This is possible to do in a fairly clean way.

I'm assuming you're starting with a standard tableview set up with a standard NSFetchResultsController that uses Apple's sample code.

First you need two utility functions:

- (NSIndexPath *)mapIndexPathFromFetchResultsController:(NSIndexPath *)indexPath
{
    if (indexPath.section == 0)
        indexPath = [NSIndexPath indexPathForRow:indexPath.row+1 inSection:indexPath.section];

    return indexPath;
}

- (NSIndexPath *)mapIndexPathToFetchResultsController:(NSIndexPath *)indexPath
{
    if (indexPath.section == 0)
        indexPath = [NSIndexPath indexPathForRow:indexPath.row-1 inSection:indexPath.section];

    return indexPath;
}

These should be fairly self explanatory - they're just helpers to deal with adding the extra row when we want to use an index path from the fetched results controllers to access the table, or removing it when going the other way.

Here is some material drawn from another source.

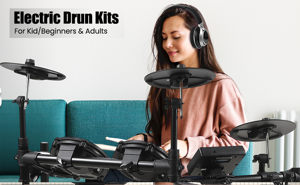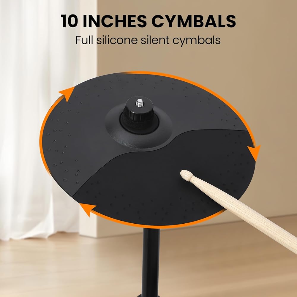 【مثالية للاستخدام المنزلي】قم بتمرين مهارات الطبول الخاصة بك في أي وقت باستخدام مجموعة الطبول الإلكترونية، التي تتصل بسماعات الرأس لتجنب إزعاج الآخرين في المنزل/الشقة، كما يمكن للهيكل القابل للطي سهولة التخزين وعرش الطبل المرن مناسب لتعديل الارتفاع.

Then we need to create the extra cell:

- (UITableViewCell *)tableView:(UITableView *)tableView cellForRowAtIndexPath:(NSIndexPath *)indexPath {
    static NSString *CellIdentifier = @"MyCellId";

    if (indexPath.section == 0 && indexPath.row == 0)
    {
        UITableViewCell *cell;
        cell = [[[UITableViewCell alloc] initWithStyle:UITableViewCellStyleDefault reuseIdentifier:nil] autorelease];
        cell.selectionStyle = UITableViewCellSelectionStyleGray;
        cell.textLabel.text = NSLocalizedString(@"Extra cell text", nil);

        return cell;
    }

    UITableViewCell *cell = [tableView dequeueReusableCellWithIdentifier:CellIdentifier];
    if (cell == nil) {
        cell = [UITableViewCell alloc] initWithStyle:UITableViewCellStyleDefault reuseIdentifier:nil] autorelease];
    }

    [self configureCell:cell atIndexPath:indexPath];

    return cell;
}

make sure we configure it correctly (configurecell will only be called for cells from the fetch results controller):

// the indexPath parameter here is the one for the table; ie. it's offset from the fetched result controller's indexes
- (void)configureCell:(SyncListViewCell *)cell atIndexPath:(NSIndexPath *)indexPath {
    indexPath = [self mapIndexPathToFetchResultsController:indexPath];

    id *obj = [fetchedResultsController objectAtIndexPath:indexPath];
    <... perform normal cell setup ...>
}

and tell the tableview it exists:

- (NSInteger)tableView:(UITableView *)tableView numberOfRowsInSection:(NSInteger)section {
    NSInteger numberOfRows = 0;

    if ([[fetchedResultsController sections] count] > 0) {
        id <NSFetchedResultsSectionInfo> sectionInfo = [[fetchedResultsController sections] objectAtIndex:section];
        numberOfRows = [sectionInfo numberOfObjects];
    }

    if (section == 0)
        numberOfRows++;

    return numberOfRows;
}

and respond to selection:

- (void)tableView:(UITableView *)tableView didSelectRowAtIndexPath:(NSIndexPath *)indexPath
{
    [tableView deselectRowAtIndexPath:indexPath animated:YES];

    if (indexPath.section == 0 && indexPath.row == 0)
    {
        [self doExtraAction];
        return;
    }

    ... deal with selection for other cells ...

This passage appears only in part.